Aragorn's hamstring comment was interesting because when I ventured into triathlon training some years back my quads were hammered and my squat suffered but my deadlift stayed the same - no real loss of strength in the deadlift. Upper body did just fine, as well, and I was even able to gain some upper body strength, which was great for the swim. I had a similar experience when I did a half-marathon two years ago - deadlift and upper body did fine, squat suffered. In your case, if you don't plan on increasing your running volume, your body will eventually adapt to running 20-30 miles a week and you might even see some squat improvement. Doing both is tough but doable.
When I did endurance stuff I also did a lot of "cardio strength" training in the form of barbell complexes and kettlebell work. It's a compromise - cardio strength training will let you keep some strength and also provide some improvement in your endurance. I've been challenged to do an Olympic distance triathlon this summer so I'll be doing more of this type of work. I've also recently incorporated sled dragging into my routine and I really enjoy it.

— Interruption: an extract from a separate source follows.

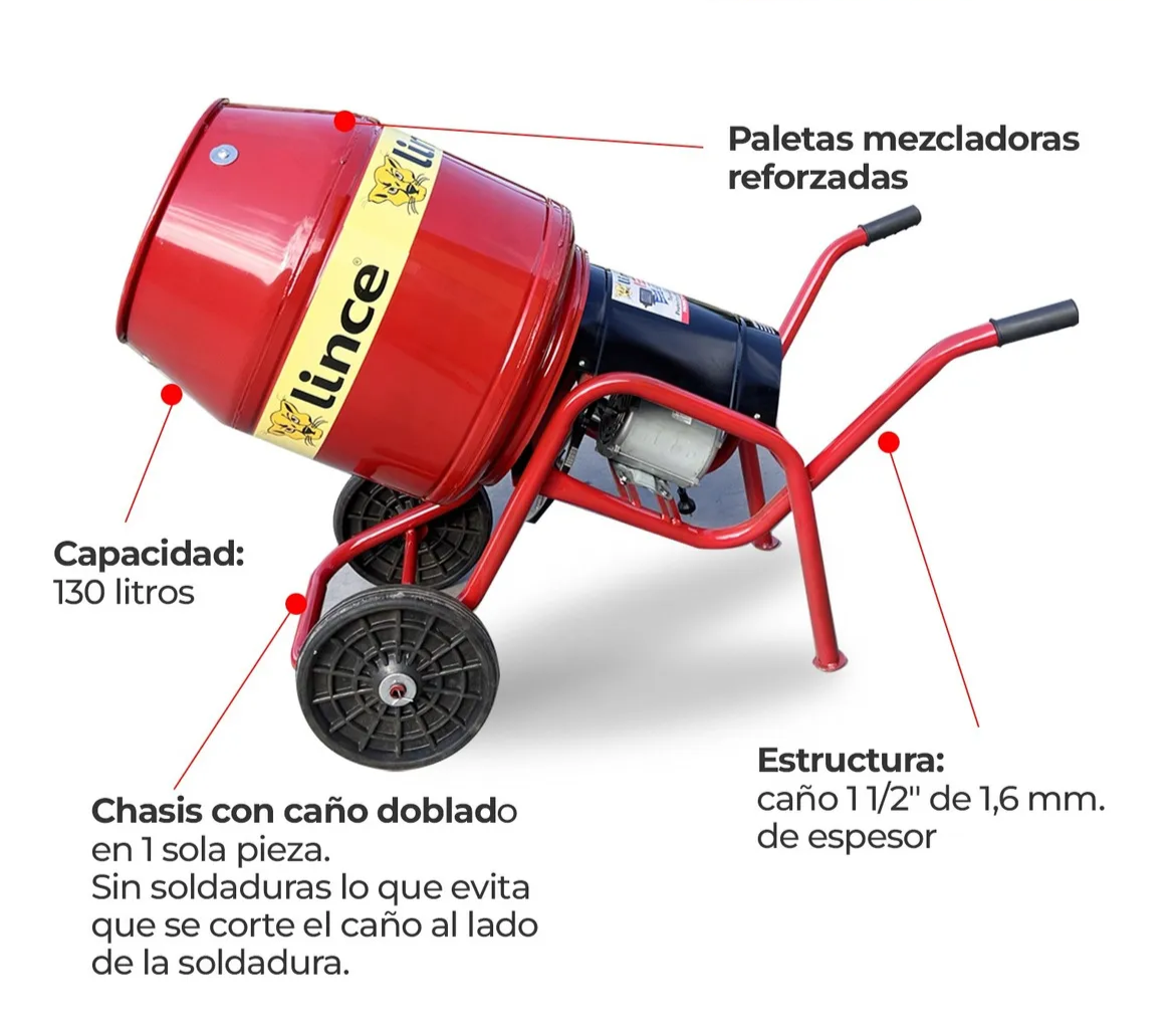 Hormigonera 130lts Motor 1 Hp Weg

It's worth it to me to do some endurance events. I don't see the point of having lots of muscle mass if I can't climb a flight of stairs without getting winded. Feel free to PM me and we can share stories, good or bad.
I'm an applied Exercise & Sport Science major, this is right up my alley....
By running that great of volume while lifting you're severely inhibiting you're muscle/strength gaining capacity. You're working two different body systems that typically work separately & even against each other in some cases. By training aerobically (running) you're severely inhibiting you're anaerobic system, however, anaerobic exercise does increase you're aerobic capacity. If you want to build muscle, stop running. If you want to improve you're running, keep lifting. It's that simple.
The only reason to run would be to get the lactic acid out of your muscles on your "off days." But at most it would only take one or two miles to do that, anything above that is detrimental to you're anaerobic goals.
Either stop running & gain muscle or tweak your lifting program to support your running goals, that's about it.
Elite level decathletes run 40-50km weekly mileage (most of it very fast) and are still able to put up 500# squats, 300# cleans, and 15m shot puts. Some beyond that.
The body systems don't work against each other. The reason it's hard to do both is because you need to be put in the time and effort to train both, and you need to have superior recovery ability so that you can recover from both.
Anaerobic exercise does not increase aerobic capacity. That's just silly. Anaerobic training can help in aerobic sports, but that's different.
Lactic acid is removed from the body almost immediately after exercise. It's not in the muscles on off days, so there is no reason for that.